Standard Operating Procedure for Inspection and Handling of Polished Tablets
Purpose
The purpose of this Standard Operating Procedure (SOP) is to establish a standardized and meticulous method for the inspection and handling of polished tablets. The inspection step is a critical aspect of the pharmaceutical manufacturing process, as it ensures that the polished tablets meet the required quality standards and specifications before being released for packaging and distribution. By following this SOP, we can ensure that only tablets of the highest quality are further processed, enhancing customer satisfaction and upholding our commitment to delivering safe and effective pharmaceutical products.
Scope
This SOP applies to all personnel involved in the inspection and handling of polished tablets at [Pharmaceutical Company Name]. It covers tablets polished using various polishing equipment, including rotary tablet polishers and single-punch tablet polishers. The SOP outlines the step-by-step procedure to be followed and the necessary documentation to be maintained to ensure that the tablets are inspected accurately and handled appropriately throughout the process.
Responsibilities
The successful execution of this SOP requires clear responsibilities assigned to the following personnel:
- Quality Assurance Department: Responsible for developing, reviewing, and approving this SOP. They shall also conduct periodic audits to ensure compliance and the effectiveness of the
Procedure
The following step-by-step procedure must be followed for the Inspection and Handling of Polished Tablets:
- Preparation:
- Ensure that the polished tablets have undergone the required polishing process and are ready for inspection.

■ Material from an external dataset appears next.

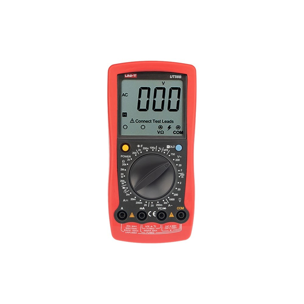 UT58B — это профессиональный мультиметр с современным и эргономичным дизайном. Предназначен прибор для измерений постоянного и переменного напряжения, сопротивления, постоянного и переменного тока. Кроме того, он имеет функции измерения электрической емкости и температуры, а также с его помощью вы сможете тестировать диоды и проводить прозвонку целостности цепи. Данный прибор обладает высоким классом точности показаний.Дисплей прибора оснащен подсветкой, которая позволяет проводить измерения даже в слабоосвещенных местах. Широкий функционал мультиметра UT50B позволяет обходиться без других вспомогательных устройств. Прибор оснащен функцией DATA HOLD, и зафиксировав результат измерений, вы в любое время сможете считать полученный значение. Прибор изготовлен из высококачественных материалов. Калибровка и тестирование приборов произведены под контролем компании СДС.Инженеры старались сделать прибор максимально удобным для использования, и сужение в нижней области корпуса позволяет удобнее располагать прибор в одной руке, а шероховатость корпуса предотвращает выскальзывание. Все переключения удобно производить даже одной рукой, но, несмотря на это, у прибора усиленный поворотный регулятор, благодаря которому исключается возможность случайного нажатия.

- Set up the inspection area in a well-lit, clean, and controlled environment to facilitate accurate inspections.
- Review the quality control specifications and criteria to be used during the inspection process.
- Tablet Inspection:
- Carefully handle the polished tablets to avoid any damage or contamination during the inspection process.
- Inspect the tablets visually for any defects, including cracks, chips, discolorations, or irregularities in shape.
- Verify the tablet dimensions and thickness to ensure they meet the specified requirements.
- If any tablets are found with defects or deviations, segregate them appropriately for further investigation.
- Sampling:
- Conduct a representative sampling of the polished tablets to ensure a thorough inspection of the entire batch.
- Ensure that the sampling procedure follows the company’s sampling plan and is documented accordingly.
- Inspect each sampled tablet meticulously, recording the inspection results accurately.
- Inspection Approval:
- Review the inspection results to ensure that all quality standards and specifications have been met.
- If the inspection results meet the required criteria, approve the batch for further processing and packaging.
- Document the inspection approval and ensure proper record-keeping of all inspection data.
- Handling and Storage:
- Handle the approved polished tablets with care to prevent any damage or contamination.
- Transfer the approved tablets to the designated packaging area for further processing.
- Store any rejected tablets in appropriate containers, clearly labeled for further investigation or disposal.
Abbreviations
No abbreviations are used in this SOP.
Documents
The following documents are referenced in this SOP:
- Quality Control Specifications and Criteria
- Sampling Plan
- Inspection Records
Reference
No external references are used in this SOP.
SOP Version
This is version 1.0 of the SOP for Inspection and Handling of Polished Tablets, issued on [Date of Issue].